Receptive fields: a local analysis. Receptive fields (RFs) in the visual field are first small and become larger going deeper in the hierarchy [13]. The small RF size of V1 neurons, and their strong orientation selectivity, poses several difficulties when estimating global motion direction and speed. In particular, any local motion analyzer will face the three following computational problems [5]:

  • Absence of illumination contrast is referred to as blank wall problem, in which the local estimator is oblivious to any kind of motion.

  • Presence of luminance contrast changes along only one orientation is often referred to as aperture problem, where the local estimator cannot recover the velocity component along the gradient.

  • Presence of multiple motions or multiple objects with in the RF, in which case the local estimator has to be selective to arrive at an accurate estimation.

In terms of optical flow estimation, feedforward computation involving V1 and MT could be sufficient in the case of regions without any ambiguity. On the contrary, recovering velocity at regions where there is some ambiguity such as aperture or blank wall problems imply to pool reliable information from other, less ambiguous regions in the surrounding. Such spatial diffusion of information is thought to be conveyed by the intricate network of lateral connections – short-range, or recurrent networks, and long-range – (see [9] for reviews).

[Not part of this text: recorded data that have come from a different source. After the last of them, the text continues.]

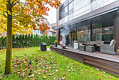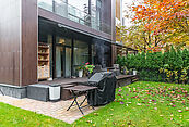 На 2,8 сотках ухоженный участок с туями и барбекю, зарядка для электромобилей.
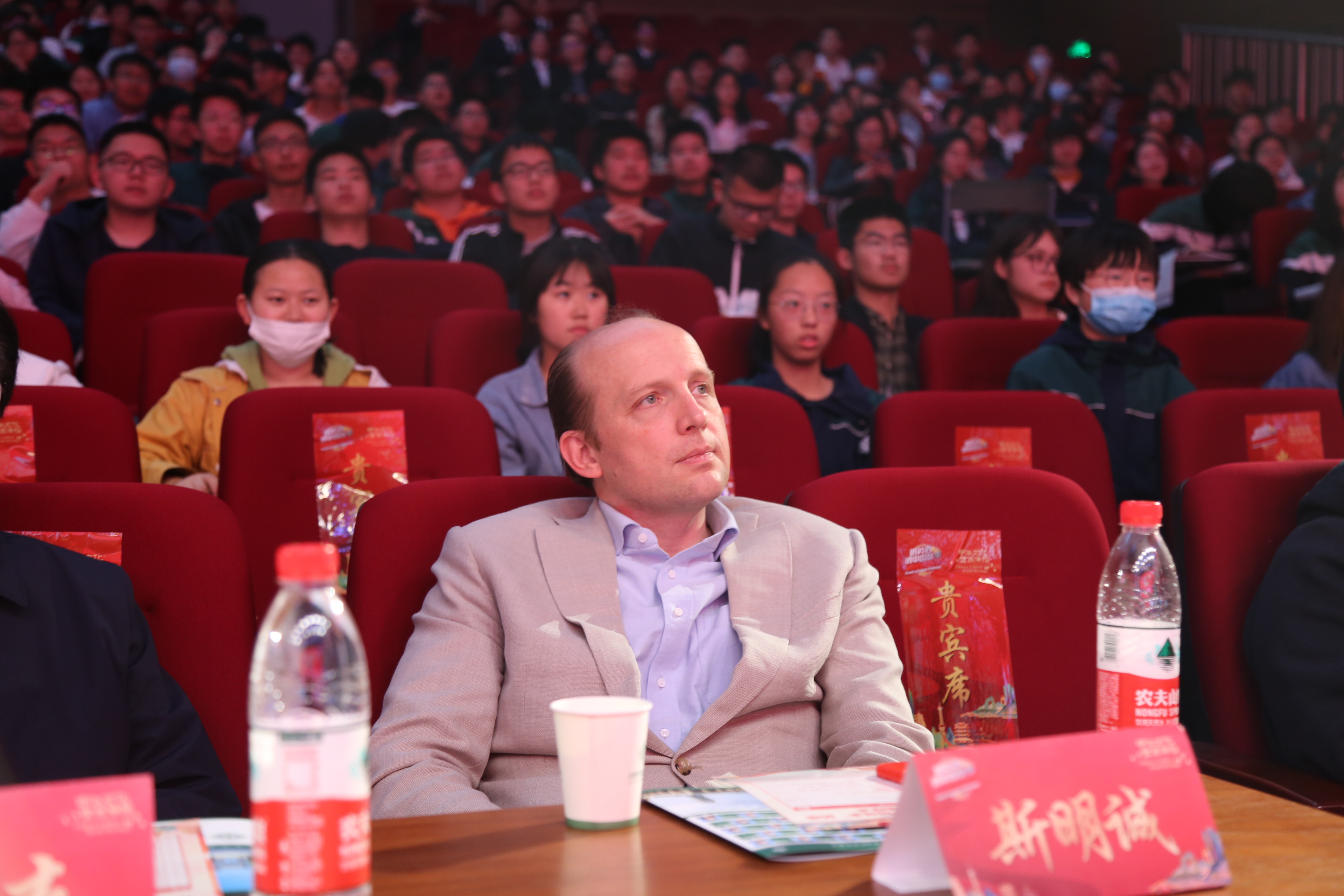 新航道中国故事研究院副院长David Symington(大卫•斯明诚)在合肥四中第三十一期四方论坛开讲“如何用英语讲好中国故事”主题报告。合肥四中学生会干部在斯明诚先生莅临后全程英语接待,带领他参观校园,给他留下了深刻印象。斯明诚先生在活动中与合肥四中学生进行了亲切的互动,并高度赞扬了合肥四中学生高水平的英语素质。
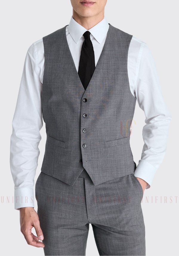 Vest nam của Unifirst thường được thiết kế theo form slim-fit vừa phải, giúp giữ phom dáng gọn gàng nhưng vẫn thoải mái khi vận động. Chi tiết cổ danton và cấu trúc vai nhẹ giúp áo lên form đẹp, đồng thời tạo cảm giác vững chãi, lịch thiệp cho người mặc.
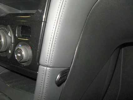 Press the curved edge on the right part of the ProClip into the gap next to the gap opener. Flip the ProClip leftward, toward the steering wheel, so the curved right edge hooks into the gap.
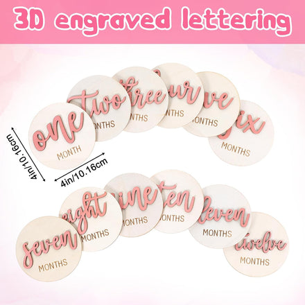 Category: Announcement Card Color: Pink Material: Poplar Function: The set contains 6 double-sided monthly milestone discs. Small and portable, a precious souvenir to record your baby's growing memories. It covers all months from January to December, recording every important moment of your baby's first year. These discs are the perfect way to record and celebrate your baby's growth. The slate blue font and wooden material give the product a natural and tranquil texture, making it a beautiful work of art. Whether placed on a bookshelf or hung on the wall, it will complement any home decoration. Square size: 3.94 × 3.94 × 0.3 inches/10 × 10 × 0.75 cm Packing list: 6pcs × Announcement Card
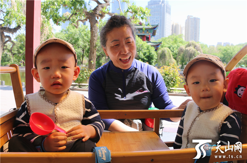 59岁张宝丽带着一对2岁半双胞胎孙子在公园遛弯时,总能收获他人艳羡的目光。
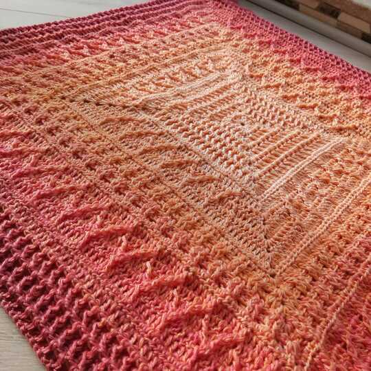 Hier erhaltet ihr eine Deckenanleitung meines Tuches Relief Rebell. Die Anleitung ist für eine quadratische Decke.
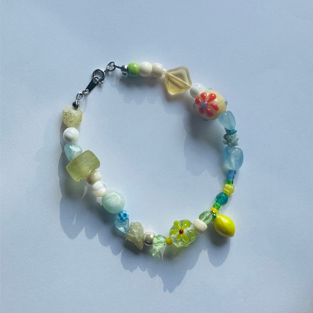 インド、ジャワ、アフリカ、ドイツ、チェコなど様々な国のビーズを使って作られたブレスレットです。

Contrast adaptive processing. The structure of neuronal RFs adapts to the local context of the image [18], and, for instance, orientation-tuning in area V1 and speed tuning of MT neurons are sharper when tested with broad-band texture inputs, as compared to low-dimension gratings [8]. Moreover, spatial summation function often broadens as contrast decreases or noise level increases. Surround inhibition in V1 and MT neurons becomes stronger at high contrast and center-surround interactions exhibit a large diversity in terms of their relative tunings. Moreover, the spatial structure of these interactions is different from the Mexican-hat structure [5]. Lastly, at each decoding stage, it seems nowadays that tuning functions are weighted by the reliability of the neuronal responses, as varying for instance with contrast or noise levels. Still, these highly adaptive properties have barely been taken into account when modeling visual motion processing. Here, we model some of these mechanisms to highlight their potential impact on optic flow computation. We focus on both the role of local image structure (contrast, textureness) and the reliability of these local measurements in controlling the diffusion mechanisms. We investigated how these mechanisms can help solving local ambiguities, and segmenting the flow fields into different surfaces while still preserving the sharpness and precision of natural vision.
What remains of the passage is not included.